The longevity field encompasses serious peer-reviewed biological science conducted in leading academic institutions worldwide, and also a rapidly growing consumer wellness industry making claims that frequently exceed the evidence. These two things coexist and must be distinguished. This review focuses on the peer-reviewed science.
Lifespan vs. Healthspan: The Most Important Distinction in the Field
Before evaluating any longevity intervention, a fundamental distinction must be understood. Lifespan refers simply to the total duration of life. Healthspan refers to the period of life spent in good health — free from significant disease, disability, or functional impairment. These two things are not the same, and conflating them is one of the most common errors in both public and clinical discussions of longevity.

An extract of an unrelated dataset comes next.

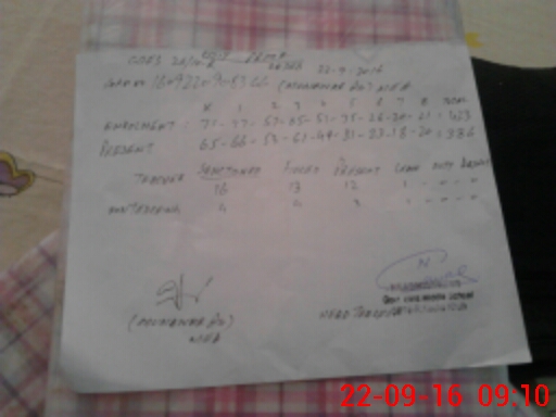 | Monitoring Date: 22-09-2016 | Start Time: 22-09-2016 08:07 AM | End Time: 22-09-2016 09:11 AM | Name of MEA: Mu**** Al**** ex**** | |
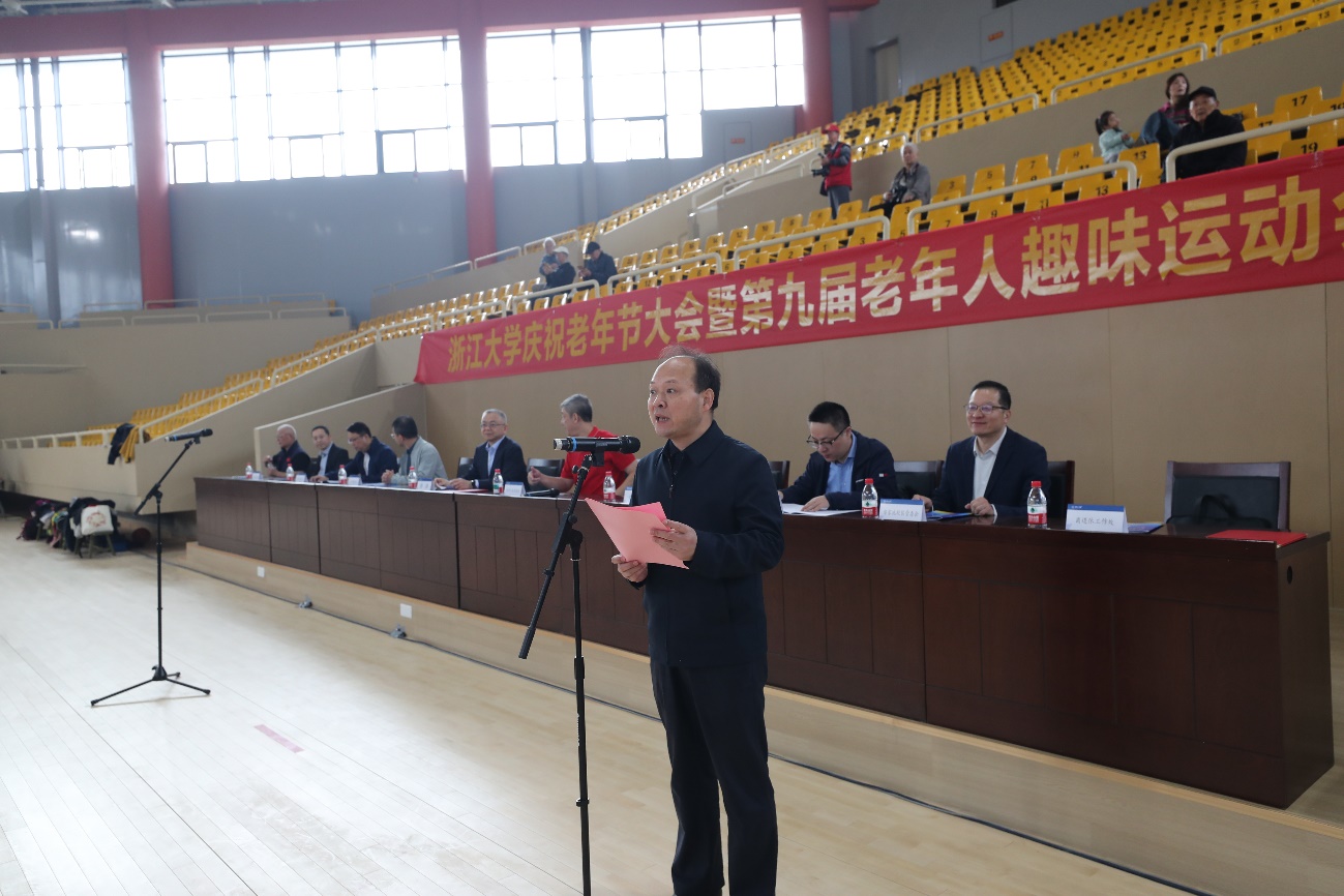 “我宣布,浙江大学庆祝老年节大会暨第九届老年人趣味运动会正式开幕!”老年人体育协会主席胡征宇正式宣布开幕。

Current data suggests that in most developed nations, the gap between lifespan and healthspan is widening. People are living longer, but the final decade or more of many lives is spent managing multiple chronic conditions. The United Nations World Population Prospects (2024) projects the global population aged 65 and over will double from 761 million in 2021 to 1.6 billion within the next two to three decades.4 The economic and human cost of this extended morbidity is substantial.
The scientific consensus — and the functional medicine position — is that extending healthspan, not simply lifespan, is the clinically and ethically meaningful goal. This shifts the focus from life-extension as a technical achievement to the compression of morbidity: helping people remain biologically younger for longer, so that decline is compressed into a shorter period at the end of a longer, healthier life.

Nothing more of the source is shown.